***** Provided data *****
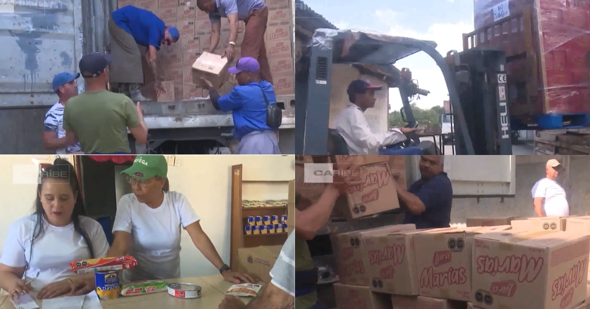 Footage shows several people unloading boxes of food from transport vehicles. Some of the donations are intended for pregnant women, older adults and children, according to authorities.
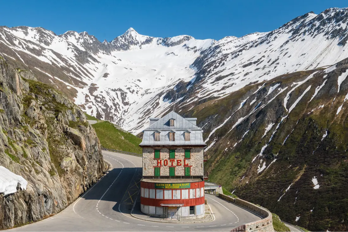 Sono arrivato in ritardo alla festa, ma di recente mi sono imbattuto in Accidentalmente Wes Anderson, un sito web che esplora “l'unicità, la simmetria, l'atipicità, il design distintivo e l'architettura straordinaria che ispira tutti noi”. Se mi seguite in questa tana del Bianconiglio, tra i luoghi più famosi che troverete c'è il Hotel Belvedere nelle Alpi svizzere. Forse lo ricorderete dal 1965 James Bond film Dito d'oro. Bond, interpretato da Sean Conneryattraversa il passo della Furka a bordo della sua Aston Martin argentata mentre insegue il cattivo Dito d'oro e il suo scagnozzo Strano lavoro in una Rolls-Royce gialla e nera.
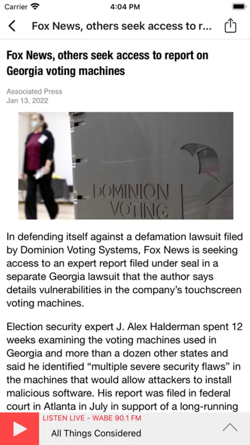 • Listen to live streams from WABE even while traveling! Open the app and your favorite station starts playing – no matter where you are.
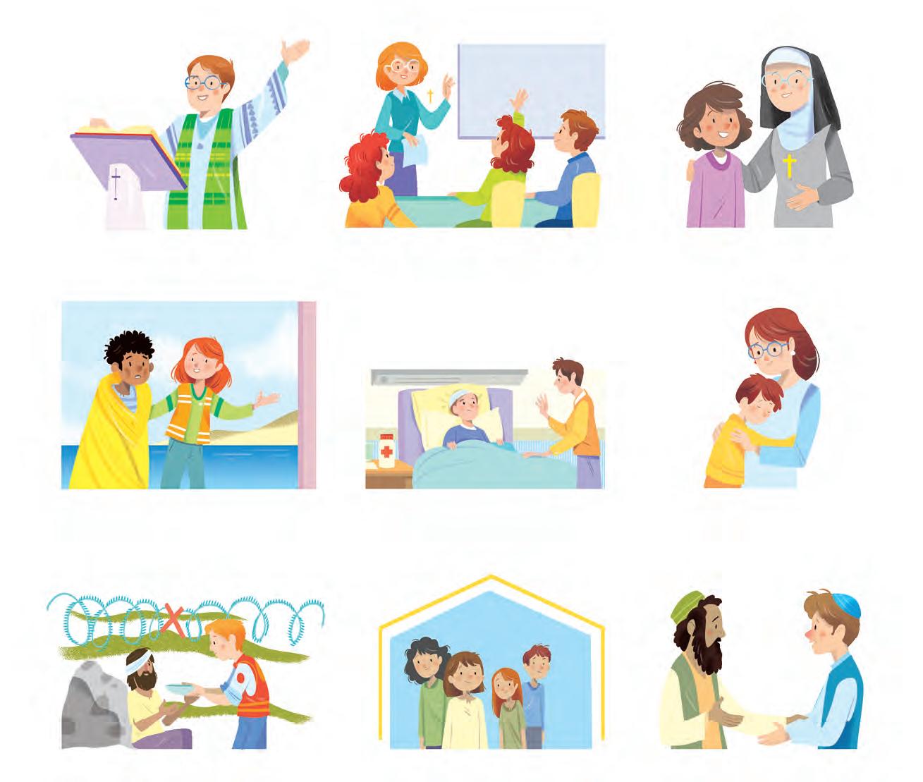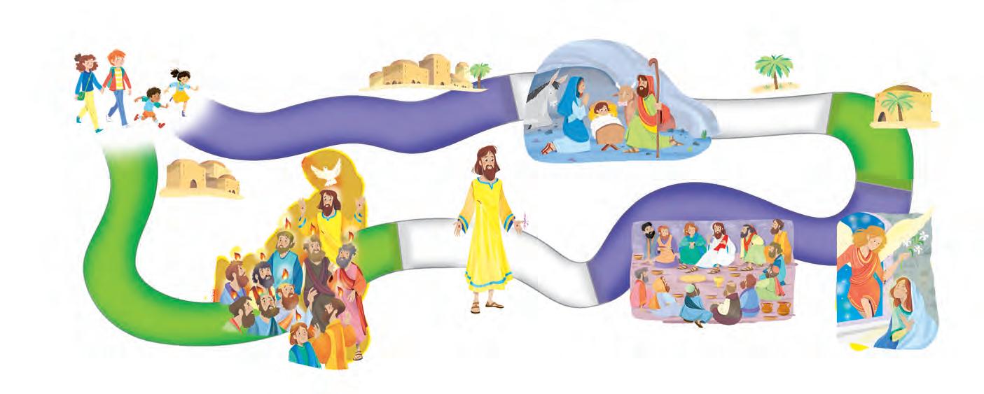 MONDO Il “Messia” atteso 38 Chi aspettavano gli ebrei? 39 Tutti attendono ancora una grande novità 40 A contatto con il mondo 41 Quando è difficile andare d’accordo! 42 Tra litigi e conflitti 43 La sfida del “bene comune” 44 Cosa bisognerebbe fare… 45 L’attesa del “Dio con noi” oggi 46 I segni di un’attesa 47 L’annuncio della nascita di Gesù 48 Un’attesa giunta al termine 49 Maria ringrazia Dio 50 Il testo del “Magnificat” 51 La nascita di Gesù: ecco il “Messia”! 52 Buon Natale a te! 53 MAPPA 54 VERIFICA 55 GESÙ PROFETA DI PACE Gesù: un personaggio della storia 56 Così sapranno che c’ero! 57 I Vangeli parlano di Gesù 58 Ti racconto una cosa bella 59 Un solo “Vangelo” e quattro Vangeli diversi 60 Differenze tra Vangeli 61 I Vangeli dell’infanzia 62 Un bambino “titolato” 63 Gesù comincia la sua predicazione 64 Good news per voi! 65 Gesù e le Beatitudini 66 Dalla parte delle Beatitudini 67 Per Gesù Dio è il “padre di tutti” 68 Nessuno è escluso 69 Gesù insegna a scoprire i doni del Padre 70 Un mondo bellissimo 71 Un dono per tutti 72 Un mondo senza povertà 73 Gesù insegna la via dell’amore 74 La civiltà dell’amore 76 Per essere felici 77 Gesù annuncia il perdono di Dio 78 La vera grandezza 80 Cosa significa essere grandi? 81 I miracoli: la forza dell’amore di Gesù 82 L’amore di Gesù è più forte della morte 84 Un miracolo che non si può dimenticare 85 I molti amici di Gesù e i “dodici” 86 Essere uno dei dodici 87 La prima missione dei discepoli di Gesù 88 Una missione anche per me 89 La casa sulla roccia 90 Gesù e i suoi “familiari” 91 Ma chi è Gesù? 92 Chi era Giovanni il Battista? 93 I “nemici” di Gesù 94 Persone da trattare con… amore! 95 MAPPA 96 VERIFICA 97 GESÙ LIBERA GLI UOMINI DALLA PAURA Gli ultimi giorni: Gesù si offre per amore 98 Perché Gesù è morto in croce? 100 La storia di Padre Kolbe 101 Il mattino di Pasqua: Gesù è vivo! 102 L’arte racconta la risurrezione 103 I discepoli e Gesù risorto 104 Una storia di riconoscimento 105 Una promessa e un comando 106 Una missione importante 107 La Pentecoste: lo Spirito sui discepoli 108 I simboli dello Spirito Santo 109 MAPPA 110 VERIFICA 111
*****
**Task item**
Restate exactly, please, only the lines between the start of the data and the line containing "Sono arrivato in", both ends included, skipping the pictures.

**Answer below**
 Footage shows several people unloading boxes of food from transport vehicles. Some of the donations are intended for pregnant women, older adults and children, according to authorities.
 Sono arrivato in ritardo alla festa, ma di recente mi sono imbattuto in Accidentalmente Wes Anderson, un sito web che esplora “l'unicità, la simmetria, l'atipicità, il design distintivo e l'architettura straordinaria che ispira tutti noi”. Se mi seguite in questa tana del Bianconiglio, tra i luoghi più famosi che troverete c'è il Hotel Belvedere nelle Alpi svizzere. Forse lo ricorderete dal 1965 James Bond film Dito d'oro. Bond, interpretato da Sean Conneryattraversa il passo della Furka a bordo della sua Aston Martin argentata mentre insegue il cattivo Dito d'oro e il suo scagnozzo Strano lavoro in una Rolls-Royce gialla e nera.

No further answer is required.